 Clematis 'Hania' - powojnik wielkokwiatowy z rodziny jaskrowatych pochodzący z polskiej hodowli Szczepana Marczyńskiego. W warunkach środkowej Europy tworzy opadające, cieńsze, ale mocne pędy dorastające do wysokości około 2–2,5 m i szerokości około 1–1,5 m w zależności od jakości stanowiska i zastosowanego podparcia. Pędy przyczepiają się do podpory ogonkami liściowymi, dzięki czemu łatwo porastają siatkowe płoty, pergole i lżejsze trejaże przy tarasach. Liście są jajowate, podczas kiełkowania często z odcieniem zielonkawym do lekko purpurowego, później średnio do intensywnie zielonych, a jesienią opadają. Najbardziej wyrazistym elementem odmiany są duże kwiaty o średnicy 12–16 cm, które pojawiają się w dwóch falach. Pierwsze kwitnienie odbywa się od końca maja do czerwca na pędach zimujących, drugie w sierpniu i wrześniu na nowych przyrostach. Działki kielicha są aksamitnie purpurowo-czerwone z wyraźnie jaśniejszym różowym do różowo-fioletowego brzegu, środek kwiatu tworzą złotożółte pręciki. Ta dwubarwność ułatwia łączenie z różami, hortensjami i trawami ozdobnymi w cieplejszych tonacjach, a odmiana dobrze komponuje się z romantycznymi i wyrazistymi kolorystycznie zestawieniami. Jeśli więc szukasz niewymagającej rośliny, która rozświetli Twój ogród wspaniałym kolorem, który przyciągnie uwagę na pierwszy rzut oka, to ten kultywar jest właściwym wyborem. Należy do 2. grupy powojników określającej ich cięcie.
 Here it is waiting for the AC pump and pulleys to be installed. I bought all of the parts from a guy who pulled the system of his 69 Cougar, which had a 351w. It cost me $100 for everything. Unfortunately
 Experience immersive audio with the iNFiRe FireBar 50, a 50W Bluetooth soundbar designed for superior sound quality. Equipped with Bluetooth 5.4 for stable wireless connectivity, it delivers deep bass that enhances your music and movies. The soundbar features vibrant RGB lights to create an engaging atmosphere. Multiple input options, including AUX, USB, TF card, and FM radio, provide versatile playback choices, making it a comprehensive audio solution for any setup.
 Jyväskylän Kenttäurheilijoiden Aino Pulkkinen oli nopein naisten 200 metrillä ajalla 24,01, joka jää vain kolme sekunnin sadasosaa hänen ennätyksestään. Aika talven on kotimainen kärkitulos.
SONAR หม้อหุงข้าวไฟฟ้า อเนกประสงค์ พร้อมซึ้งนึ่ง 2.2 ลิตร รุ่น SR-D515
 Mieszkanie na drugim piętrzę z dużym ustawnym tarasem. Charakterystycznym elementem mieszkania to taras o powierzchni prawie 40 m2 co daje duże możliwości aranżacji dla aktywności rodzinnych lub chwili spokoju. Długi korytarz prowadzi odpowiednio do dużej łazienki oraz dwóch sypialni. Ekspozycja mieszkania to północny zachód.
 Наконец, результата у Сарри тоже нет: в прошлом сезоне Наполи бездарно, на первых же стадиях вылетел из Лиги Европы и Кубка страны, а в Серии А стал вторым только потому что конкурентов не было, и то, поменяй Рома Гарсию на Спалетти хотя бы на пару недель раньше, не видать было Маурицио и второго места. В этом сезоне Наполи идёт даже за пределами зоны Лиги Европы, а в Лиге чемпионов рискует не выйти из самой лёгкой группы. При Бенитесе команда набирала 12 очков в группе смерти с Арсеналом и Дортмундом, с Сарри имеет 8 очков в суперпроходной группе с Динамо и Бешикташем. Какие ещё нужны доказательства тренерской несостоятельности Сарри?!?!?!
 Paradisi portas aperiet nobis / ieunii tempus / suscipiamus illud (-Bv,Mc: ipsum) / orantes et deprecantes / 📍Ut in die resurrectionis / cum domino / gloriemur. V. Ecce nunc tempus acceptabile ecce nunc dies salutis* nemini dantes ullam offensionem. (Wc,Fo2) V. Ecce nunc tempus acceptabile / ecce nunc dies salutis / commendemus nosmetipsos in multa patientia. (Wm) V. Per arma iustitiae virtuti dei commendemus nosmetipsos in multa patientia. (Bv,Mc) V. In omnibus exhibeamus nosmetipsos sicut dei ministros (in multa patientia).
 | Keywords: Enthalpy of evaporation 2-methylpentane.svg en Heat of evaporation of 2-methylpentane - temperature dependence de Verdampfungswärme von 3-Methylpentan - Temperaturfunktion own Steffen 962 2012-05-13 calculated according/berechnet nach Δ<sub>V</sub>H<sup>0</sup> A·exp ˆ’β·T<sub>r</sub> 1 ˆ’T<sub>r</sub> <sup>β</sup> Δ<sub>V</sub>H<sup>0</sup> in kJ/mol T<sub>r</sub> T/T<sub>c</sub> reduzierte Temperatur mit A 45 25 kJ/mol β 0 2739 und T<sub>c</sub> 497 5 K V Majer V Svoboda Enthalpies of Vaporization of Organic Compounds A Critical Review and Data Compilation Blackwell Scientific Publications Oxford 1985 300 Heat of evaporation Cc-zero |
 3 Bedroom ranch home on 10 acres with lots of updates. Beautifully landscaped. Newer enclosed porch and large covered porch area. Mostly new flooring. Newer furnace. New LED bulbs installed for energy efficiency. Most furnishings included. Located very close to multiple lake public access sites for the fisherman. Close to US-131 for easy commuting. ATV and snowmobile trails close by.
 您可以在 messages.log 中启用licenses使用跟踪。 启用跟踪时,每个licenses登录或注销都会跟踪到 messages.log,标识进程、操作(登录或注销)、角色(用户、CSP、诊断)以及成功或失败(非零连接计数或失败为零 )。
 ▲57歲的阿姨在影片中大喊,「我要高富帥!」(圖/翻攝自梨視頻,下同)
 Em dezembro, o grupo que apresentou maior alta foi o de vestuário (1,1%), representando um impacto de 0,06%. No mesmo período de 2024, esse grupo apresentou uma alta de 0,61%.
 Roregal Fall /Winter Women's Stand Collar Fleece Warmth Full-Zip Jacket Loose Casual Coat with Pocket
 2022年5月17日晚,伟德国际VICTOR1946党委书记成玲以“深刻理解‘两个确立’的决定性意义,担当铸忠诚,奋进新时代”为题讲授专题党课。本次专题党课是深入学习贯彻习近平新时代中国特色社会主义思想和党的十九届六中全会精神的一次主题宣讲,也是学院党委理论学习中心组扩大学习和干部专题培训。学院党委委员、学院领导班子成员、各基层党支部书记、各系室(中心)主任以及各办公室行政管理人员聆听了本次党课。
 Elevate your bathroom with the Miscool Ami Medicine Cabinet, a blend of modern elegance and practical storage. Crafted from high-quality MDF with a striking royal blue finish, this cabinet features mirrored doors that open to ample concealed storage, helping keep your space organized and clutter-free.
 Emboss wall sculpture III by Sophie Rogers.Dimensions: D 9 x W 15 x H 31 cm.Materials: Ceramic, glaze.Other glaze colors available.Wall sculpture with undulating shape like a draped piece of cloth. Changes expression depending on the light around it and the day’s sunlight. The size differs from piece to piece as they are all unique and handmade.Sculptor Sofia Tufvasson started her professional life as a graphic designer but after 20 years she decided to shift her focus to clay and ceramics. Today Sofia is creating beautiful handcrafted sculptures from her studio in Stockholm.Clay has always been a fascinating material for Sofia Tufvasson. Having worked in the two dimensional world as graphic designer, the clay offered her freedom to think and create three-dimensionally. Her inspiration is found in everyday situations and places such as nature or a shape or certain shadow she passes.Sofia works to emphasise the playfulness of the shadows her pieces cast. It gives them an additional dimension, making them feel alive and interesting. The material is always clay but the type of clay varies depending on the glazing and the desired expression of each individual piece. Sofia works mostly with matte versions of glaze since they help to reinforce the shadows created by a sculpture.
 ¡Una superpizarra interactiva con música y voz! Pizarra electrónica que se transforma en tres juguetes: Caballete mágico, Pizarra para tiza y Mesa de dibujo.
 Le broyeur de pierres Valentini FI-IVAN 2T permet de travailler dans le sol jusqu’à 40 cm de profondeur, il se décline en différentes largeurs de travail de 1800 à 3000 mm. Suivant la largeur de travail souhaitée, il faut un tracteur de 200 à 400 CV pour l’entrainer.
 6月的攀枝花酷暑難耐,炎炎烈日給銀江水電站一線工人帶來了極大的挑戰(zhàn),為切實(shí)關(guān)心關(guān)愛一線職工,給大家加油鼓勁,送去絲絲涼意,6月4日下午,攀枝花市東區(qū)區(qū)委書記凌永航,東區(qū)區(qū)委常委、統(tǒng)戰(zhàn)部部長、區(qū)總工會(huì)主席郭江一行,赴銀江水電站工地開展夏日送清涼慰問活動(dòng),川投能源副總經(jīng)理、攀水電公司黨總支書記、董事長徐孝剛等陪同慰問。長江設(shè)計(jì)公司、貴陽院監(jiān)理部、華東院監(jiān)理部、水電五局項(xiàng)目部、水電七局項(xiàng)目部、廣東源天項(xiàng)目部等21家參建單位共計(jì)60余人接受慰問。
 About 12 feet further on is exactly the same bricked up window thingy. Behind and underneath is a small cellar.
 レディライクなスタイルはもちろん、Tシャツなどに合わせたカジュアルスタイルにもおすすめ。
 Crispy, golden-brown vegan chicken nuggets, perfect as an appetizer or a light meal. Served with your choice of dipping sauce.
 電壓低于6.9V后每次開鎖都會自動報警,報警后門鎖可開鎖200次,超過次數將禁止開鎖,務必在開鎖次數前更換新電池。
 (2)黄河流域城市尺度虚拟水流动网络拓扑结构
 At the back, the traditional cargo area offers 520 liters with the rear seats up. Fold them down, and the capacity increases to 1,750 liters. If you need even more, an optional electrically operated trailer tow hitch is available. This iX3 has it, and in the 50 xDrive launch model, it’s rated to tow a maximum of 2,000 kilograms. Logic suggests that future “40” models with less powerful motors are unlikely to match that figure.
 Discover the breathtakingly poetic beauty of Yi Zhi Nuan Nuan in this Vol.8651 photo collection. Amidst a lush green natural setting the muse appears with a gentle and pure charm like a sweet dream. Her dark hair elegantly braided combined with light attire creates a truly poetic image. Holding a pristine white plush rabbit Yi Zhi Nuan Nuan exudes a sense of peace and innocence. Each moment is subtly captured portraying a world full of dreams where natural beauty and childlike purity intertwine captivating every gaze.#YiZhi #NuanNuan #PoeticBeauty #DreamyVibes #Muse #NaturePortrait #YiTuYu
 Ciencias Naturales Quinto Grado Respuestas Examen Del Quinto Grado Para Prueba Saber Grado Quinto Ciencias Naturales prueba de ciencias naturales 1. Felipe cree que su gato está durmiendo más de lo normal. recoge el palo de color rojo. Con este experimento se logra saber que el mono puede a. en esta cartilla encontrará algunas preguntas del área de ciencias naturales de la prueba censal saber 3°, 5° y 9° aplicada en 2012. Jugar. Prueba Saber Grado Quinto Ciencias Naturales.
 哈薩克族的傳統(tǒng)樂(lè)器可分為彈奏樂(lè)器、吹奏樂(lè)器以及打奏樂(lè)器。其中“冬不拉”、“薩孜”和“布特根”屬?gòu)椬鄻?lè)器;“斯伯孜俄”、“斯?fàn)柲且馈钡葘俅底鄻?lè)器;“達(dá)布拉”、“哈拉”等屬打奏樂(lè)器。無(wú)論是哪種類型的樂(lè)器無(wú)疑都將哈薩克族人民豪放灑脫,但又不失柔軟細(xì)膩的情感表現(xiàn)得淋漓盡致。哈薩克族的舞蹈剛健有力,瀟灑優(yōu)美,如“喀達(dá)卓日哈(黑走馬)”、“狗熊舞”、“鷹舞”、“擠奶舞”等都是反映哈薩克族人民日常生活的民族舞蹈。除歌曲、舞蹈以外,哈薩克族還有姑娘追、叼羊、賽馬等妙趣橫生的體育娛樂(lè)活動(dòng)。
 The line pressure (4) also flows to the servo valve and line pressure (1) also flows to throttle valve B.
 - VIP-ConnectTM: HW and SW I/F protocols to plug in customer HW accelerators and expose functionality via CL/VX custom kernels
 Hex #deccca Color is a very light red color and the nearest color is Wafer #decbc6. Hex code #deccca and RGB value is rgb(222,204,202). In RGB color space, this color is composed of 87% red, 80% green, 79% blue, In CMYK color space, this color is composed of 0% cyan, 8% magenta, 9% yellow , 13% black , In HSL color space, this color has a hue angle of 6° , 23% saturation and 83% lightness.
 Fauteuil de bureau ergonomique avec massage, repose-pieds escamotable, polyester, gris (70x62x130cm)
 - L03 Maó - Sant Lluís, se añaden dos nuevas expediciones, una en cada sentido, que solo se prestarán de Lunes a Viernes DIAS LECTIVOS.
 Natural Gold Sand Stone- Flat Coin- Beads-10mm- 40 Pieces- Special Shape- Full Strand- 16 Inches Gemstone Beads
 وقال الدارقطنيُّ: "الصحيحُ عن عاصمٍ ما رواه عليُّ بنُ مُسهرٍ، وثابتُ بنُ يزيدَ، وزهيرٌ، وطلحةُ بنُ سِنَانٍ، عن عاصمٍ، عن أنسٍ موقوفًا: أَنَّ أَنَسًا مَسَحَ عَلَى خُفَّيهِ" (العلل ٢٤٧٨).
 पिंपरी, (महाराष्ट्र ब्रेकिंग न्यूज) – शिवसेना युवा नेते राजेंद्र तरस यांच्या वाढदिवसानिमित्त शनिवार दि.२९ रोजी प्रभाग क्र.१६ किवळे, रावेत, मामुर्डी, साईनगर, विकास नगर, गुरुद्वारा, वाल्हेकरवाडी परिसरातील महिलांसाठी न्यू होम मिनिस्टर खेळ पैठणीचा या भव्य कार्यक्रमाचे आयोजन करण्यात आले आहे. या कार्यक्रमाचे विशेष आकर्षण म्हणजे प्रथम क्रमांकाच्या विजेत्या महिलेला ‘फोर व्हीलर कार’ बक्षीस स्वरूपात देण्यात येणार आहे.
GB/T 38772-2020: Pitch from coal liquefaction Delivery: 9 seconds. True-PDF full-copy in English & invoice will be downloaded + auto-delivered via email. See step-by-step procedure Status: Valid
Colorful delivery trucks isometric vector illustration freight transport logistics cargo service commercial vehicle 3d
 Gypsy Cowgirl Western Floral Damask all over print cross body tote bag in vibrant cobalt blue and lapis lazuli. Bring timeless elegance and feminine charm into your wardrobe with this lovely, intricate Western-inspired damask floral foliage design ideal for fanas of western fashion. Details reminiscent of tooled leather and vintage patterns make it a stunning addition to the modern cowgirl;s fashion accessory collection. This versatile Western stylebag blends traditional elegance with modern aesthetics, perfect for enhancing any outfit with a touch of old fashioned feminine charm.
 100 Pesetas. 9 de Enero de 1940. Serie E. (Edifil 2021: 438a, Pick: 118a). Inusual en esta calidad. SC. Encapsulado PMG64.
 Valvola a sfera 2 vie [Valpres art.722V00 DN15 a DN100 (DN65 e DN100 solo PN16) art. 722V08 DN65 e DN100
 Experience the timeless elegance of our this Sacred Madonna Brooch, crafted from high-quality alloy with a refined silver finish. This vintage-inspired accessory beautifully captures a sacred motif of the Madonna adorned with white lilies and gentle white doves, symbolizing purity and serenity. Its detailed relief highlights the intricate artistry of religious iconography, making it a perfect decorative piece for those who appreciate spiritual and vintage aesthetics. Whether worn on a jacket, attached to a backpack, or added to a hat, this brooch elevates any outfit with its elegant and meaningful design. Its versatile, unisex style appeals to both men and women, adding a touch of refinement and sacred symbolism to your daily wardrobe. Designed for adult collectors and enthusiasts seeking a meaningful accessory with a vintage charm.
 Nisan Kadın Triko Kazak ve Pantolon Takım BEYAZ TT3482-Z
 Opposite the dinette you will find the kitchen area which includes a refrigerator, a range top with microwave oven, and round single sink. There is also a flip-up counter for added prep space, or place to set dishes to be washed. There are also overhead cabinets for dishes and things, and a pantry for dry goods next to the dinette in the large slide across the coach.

> **Task to carry out**: The answer is the run of lines above from the line containing "Fauteuil de bureau" through the line containing "- L03 Maó - Sant", copied exactly and alone.

> **Solution to this problem**:
 Fauteuil de bureau ergonomique avec massage, repose-pieds escamotable, polyester, gris (70x62x130cm)
 - L03 Maó - Sant Lluís, se añaden dos nuevas expediciones, una en cada sentido, que solo se prestarán de Lunes a Viernes DIAS LECTIVOS.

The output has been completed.